DF2 =df[' id '].apply (lambda x:x+1)
Print (DF2)
Results:
1 35
2 23
3 35
Name:id, Dtype:int64
(3) Conversion of characters to strings
Integer string converted to the corresponding integer:int(' 12 ')
Decimal string converted to corresponding decimal:float(' 12.34 ')
Number converted to string:str(123.45)
ASCII code converted to the corresponding character:CHR(97)
Character converted to the corresponding ASCII code:Ord(' a ')
Note: The ASCII code corresponds to the integer type.

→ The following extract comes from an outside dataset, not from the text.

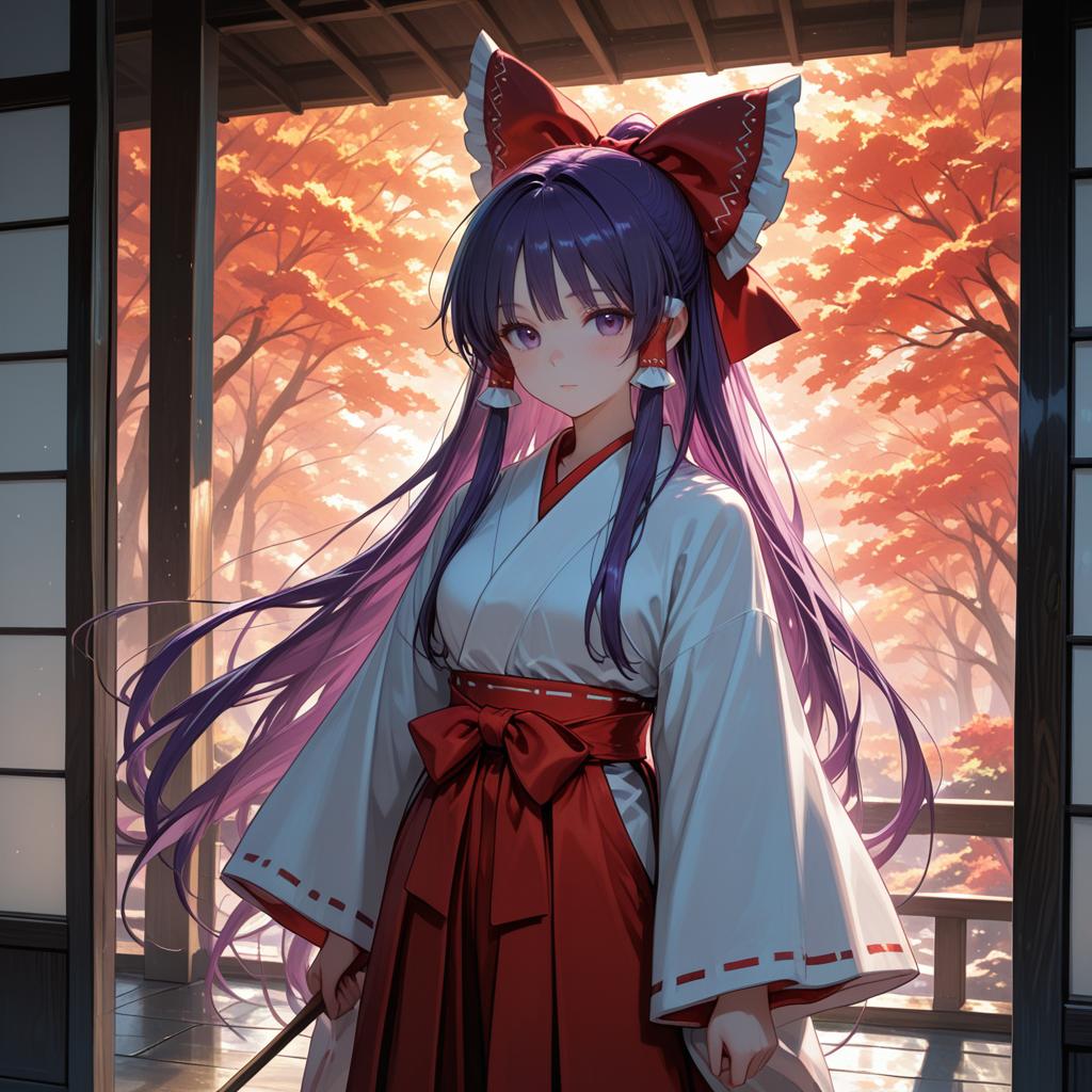 Hakurei reimu (pc-98), touhou, 1girl, purple eyes, purple hair, long hair, very long hair, sidelocks, hair bow, hair tubes, white kimono, white kimono, red bow, long sleeves, wide sleeves, miko, miko, gohei, red hakama, by artist re ghotion, dark_illustrious

(4) Dataframe type conversion
Df.astype (int)
(5) There are two ways to remove a column from the Dataframe
Df.id,
df[' ID ']
1 34
2 22
3 34
Name:id, Dtype:int64
1 34
2 22
3 34
Name:id, Dtype:int64
(6) is to determine whether the same object, Ain B is to determine whether a is an element in B (without calling the package, directly can be used)
A = [1, 2, 3]
b = [1, 2, 3]
c = A
print (A is B) Note: is Determine the memory address, not determine whether it is equal
Print (A is C)
Print (1 in a)
Results:
False
True
True
Isin determines whether the elements in the data frame are in the list, one to judge, as long as there is true, otherwise false.
Df:
ID Temp Name
1 null Mark
2 null Mark
3 NULL Mark
Print (Df.id.isin ([3,34]))
Results:
1 True
2 False
3 True
Name:id, Dtype:bool
(7) Use column names to remove multiple columns from the data frame, make sure to combine the list into a whole, otherwise it will be an error.
D =df[[' id ', ' temp ']
Print (d)
Results:
ID Temp
1 null
2 NULL
3 null
(8) DataFrame. Reset_index (level=none, drop=false, inplace=false, col_level=0, col_fill= ")
Returned is a data frame
| Parameters: |
Level : int, str, tuple, or list, Default None Only remove the given levels from the index. Removes all levels by default Drop : boolean, default False Don't try to insert index into data Frame columns. This resets the index to the default integer index. InPlace : boolean, default False Modify the DataFrame in place (does not create a new object) Col_level : int or STR, default 0 If The columns has multiple levels, determines which level the labels is inserted into. By default it's inserted into the first level. Col_fill : object, default ' If The columns has multiple levels, determines how the other levels is named. If None then the index name is repeated. |
Returns: |
resetted : DataFrame |
print (Df.reset_index ()) Note: the Index added as a column to the data frame
Results:
Index ID Temp Name
0 1 null Mark
1 2 null Mark
2 3 null Mark
Print (Df.reset_index (level=0)) Note: or will Index added as a column to the data frame?? level doesn't seem to work .
Results:
Index ID Temp Name
0 1 null Mark
1 2 null Mark
2 3 null Mark
Print (Df.reset_index (level=0,drop=true)) Note: drop=true not joined Index column
Results:
ID Temp Name
0 NULL Mark
1 null Mark
2 null Mark
(9) A function in a data frame can have a whole data frame, and some columns are just
df1= PD. DataFrame (data=[[2.987, 4, 6, 6], [5, 5, 7, 8], [7, 8, 3,], [6, 3, 66,44], [+, 5, 6, 2]], columns=[' x1 ', ' x2 ', ' x3 ', ' Y '])
Results:
X1 X2 X3 Y
0 2.987 4) 6 6
1 5.000 5) 7 8
2 7.000 8) 3 23
3 6.000 3) 66 44
4 32.000 5) 6 2
Print (Df1.x1.round (2))
Results:
0 2.99
1 5.00
2 7.00
3 6.00
4 32.00
Note: Df1.round (2) will error
print (Df1.sum ()) Note: sum be sure to bring parentheses () in the back, otherwise you won't get an error, but the return result is not the sum of the columns.
Results:
X1 52.987
X2 25.000
X3 88.000
Y 83.000
(Ten) Time.sleep (t), delaying the invocation of the thread's run, by the parameter secs the number of seconds, indicating the time the process was suspended, no return value. T represents the number of seconds deferred execution.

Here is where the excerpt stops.